►

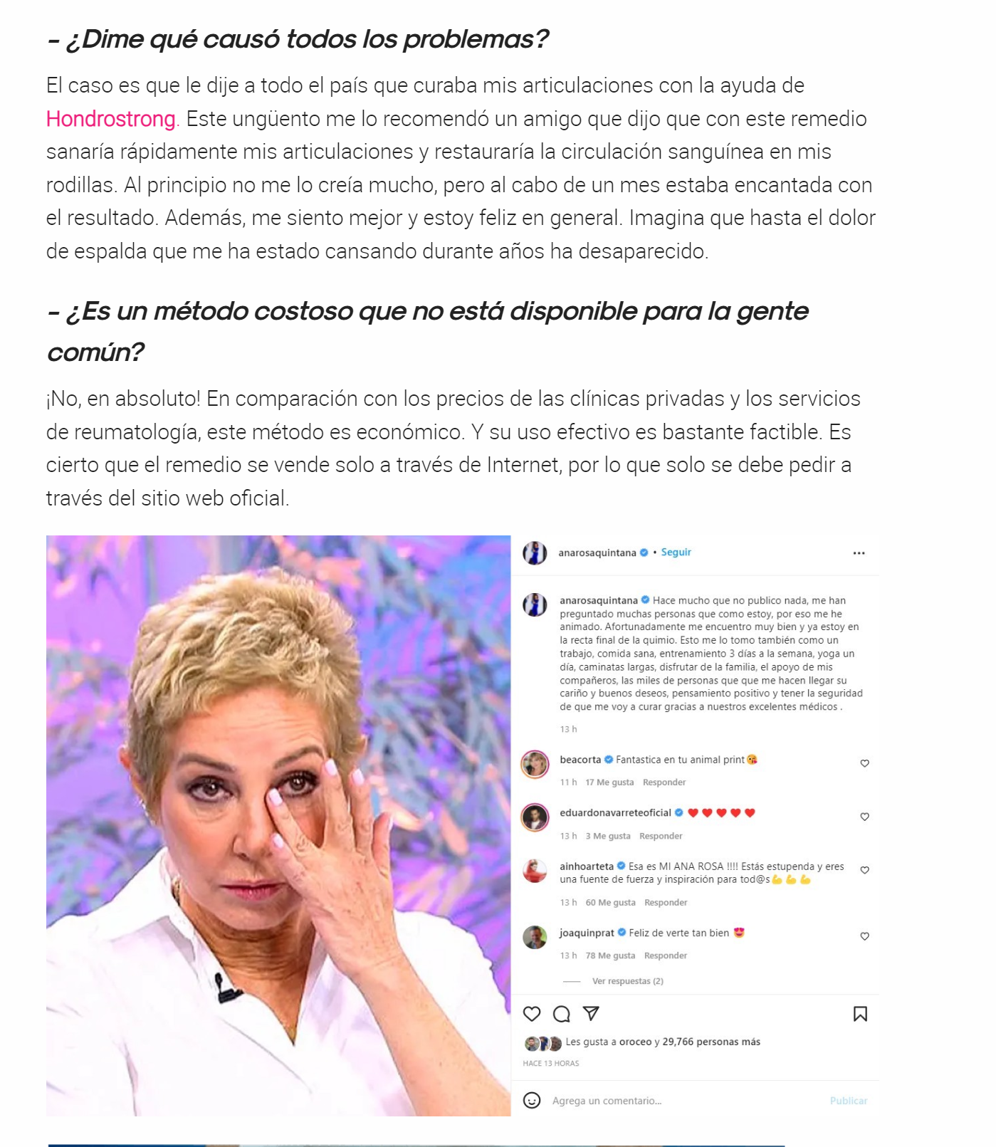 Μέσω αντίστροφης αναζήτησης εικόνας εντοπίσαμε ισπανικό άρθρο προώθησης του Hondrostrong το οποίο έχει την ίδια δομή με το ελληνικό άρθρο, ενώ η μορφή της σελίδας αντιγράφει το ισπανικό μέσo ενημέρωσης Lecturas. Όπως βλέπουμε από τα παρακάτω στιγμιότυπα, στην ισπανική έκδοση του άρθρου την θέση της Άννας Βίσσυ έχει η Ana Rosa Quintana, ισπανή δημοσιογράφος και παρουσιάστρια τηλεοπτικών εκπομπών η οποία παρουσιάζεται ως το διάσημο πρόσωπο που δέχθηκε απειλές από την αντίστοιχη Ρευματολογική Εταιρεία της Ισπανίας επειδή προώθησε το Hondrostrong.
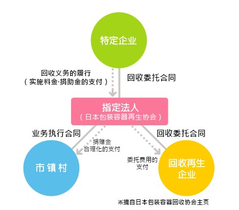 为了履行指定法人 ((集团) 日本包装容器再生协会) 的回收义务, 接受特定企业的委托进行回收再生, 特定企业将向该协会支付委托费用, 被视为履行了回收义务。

◄
►

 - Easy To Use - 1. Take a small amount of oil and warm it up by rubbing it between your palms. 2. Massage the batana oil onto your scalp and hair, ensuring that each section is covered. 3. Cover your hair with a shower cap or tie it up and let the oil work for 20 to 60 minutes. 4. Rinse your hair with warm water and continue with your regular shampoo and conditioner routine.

◄
►

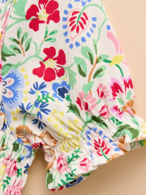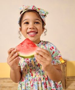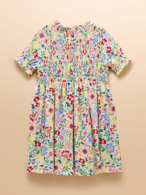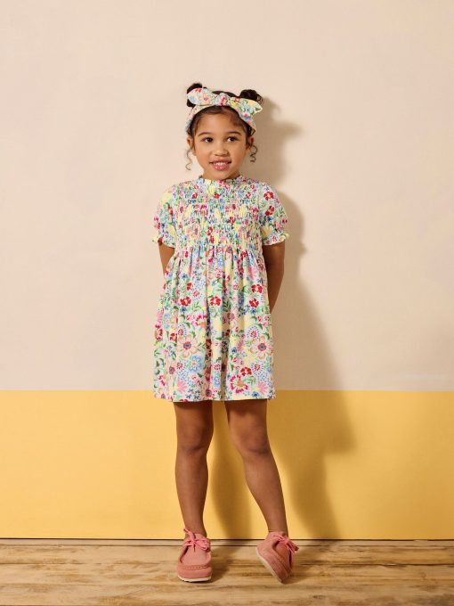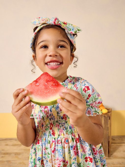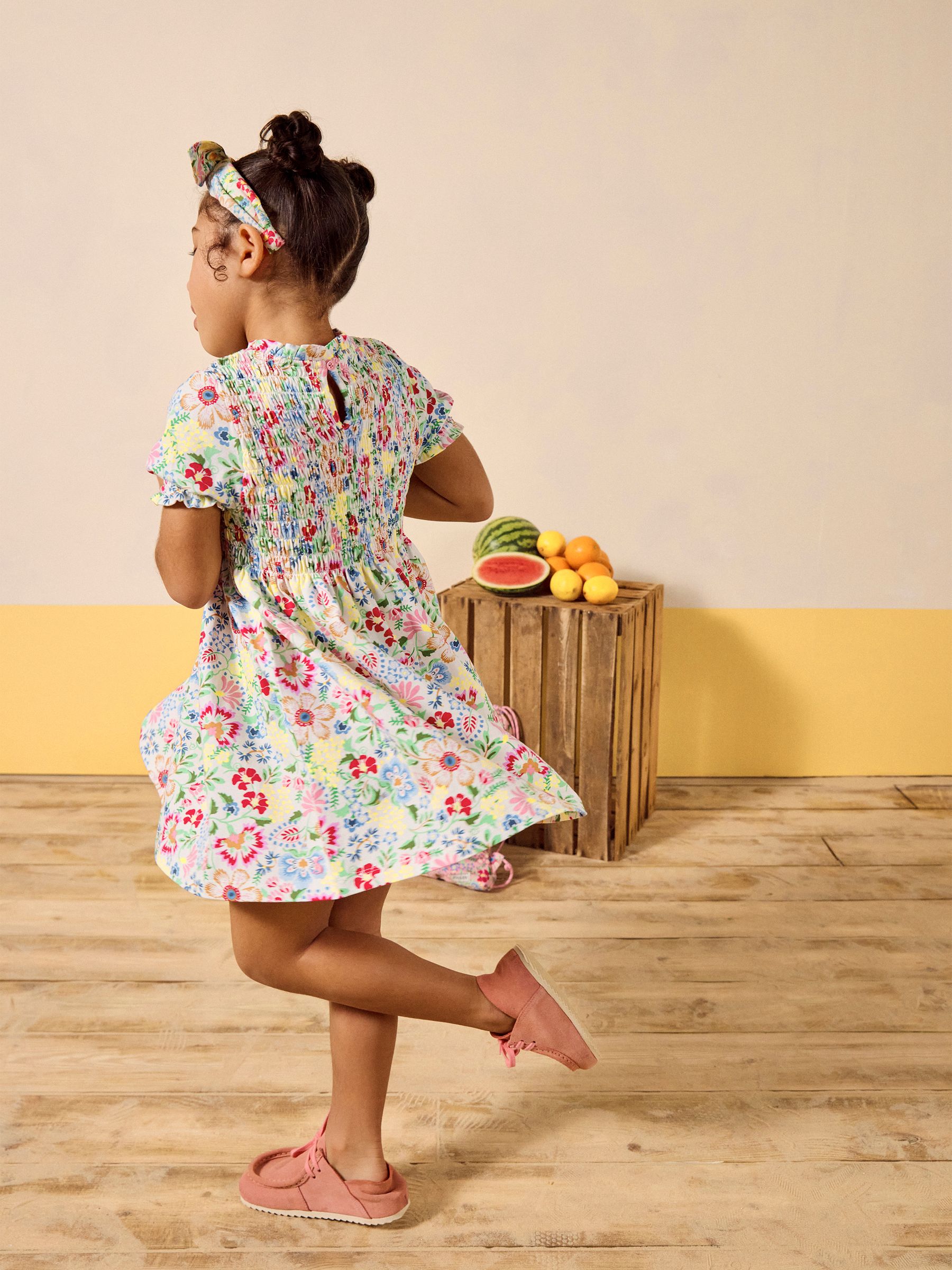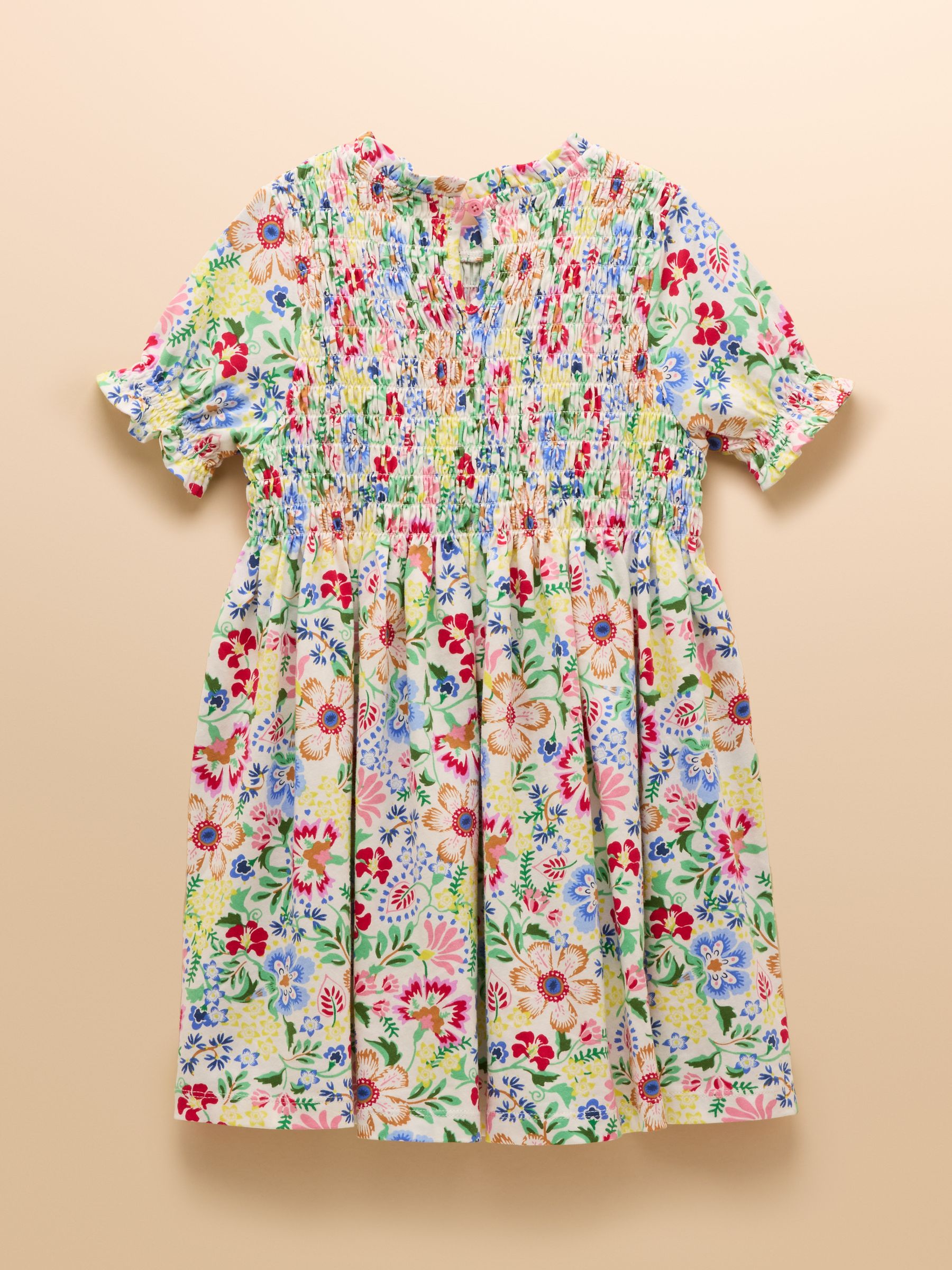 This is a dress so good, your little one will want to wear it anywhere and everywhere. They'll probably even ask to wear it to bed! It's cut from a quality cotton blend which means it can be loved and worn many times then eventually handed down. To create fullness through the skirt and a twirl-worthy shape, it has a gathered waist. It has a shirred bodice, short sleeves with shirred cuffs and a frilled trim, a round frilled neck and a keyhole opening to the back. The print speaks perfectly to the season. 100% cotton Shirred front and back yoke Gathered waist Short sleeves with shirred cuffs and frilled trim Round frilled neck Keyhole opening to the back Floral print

◄

• Exercise objective: Above are records; write out the lines from the one with "Μέσω αντίστροφης αναζήτησης" down to the one with "为了履行指定法人 ((集团) 日本包装容器再生协会)", exactly, leaving the pictures out.

• Answer to this exercise:
 Μέσω αντίστροφης αναζήτησης εικόνας εντοπίσαμε ισπανικό άρθρο προώθησης του Hondrostrong το οποίο έχει την ίδια δομή με το ελληνικό άρθρο, ενώ η μορφή της σελίδας αντιγράφει το ισπανικό μέσo ενημέρωσης Lecturas. Όπως βλέπουμε από τα παρακάτω στιγμιότυπα, στην ισπανική έκδοση του άρθρου την θέση της Άννας Βίσσυ έχει η Ana Rosa Quintana, ισπανή δημοσιογράφος και παρουσιάστρια τηλεοπτικών εκπομπών η οποία παρουσιάζεται ως το διάσημο πρόσωπο που δέχθηκε απειλές από την αντίστοιχη Ρευματολογική Εταιρεία της Ισπανίας επειδή προώθησε το Hondrostrong.
 为了履行指定法人 ((集团) 日本包装容器再生协会) 的回收义务, 接受特定企业的委托进行回收再生, 特定企业将向该协会支付委托费用, 被视为履行了回收义务。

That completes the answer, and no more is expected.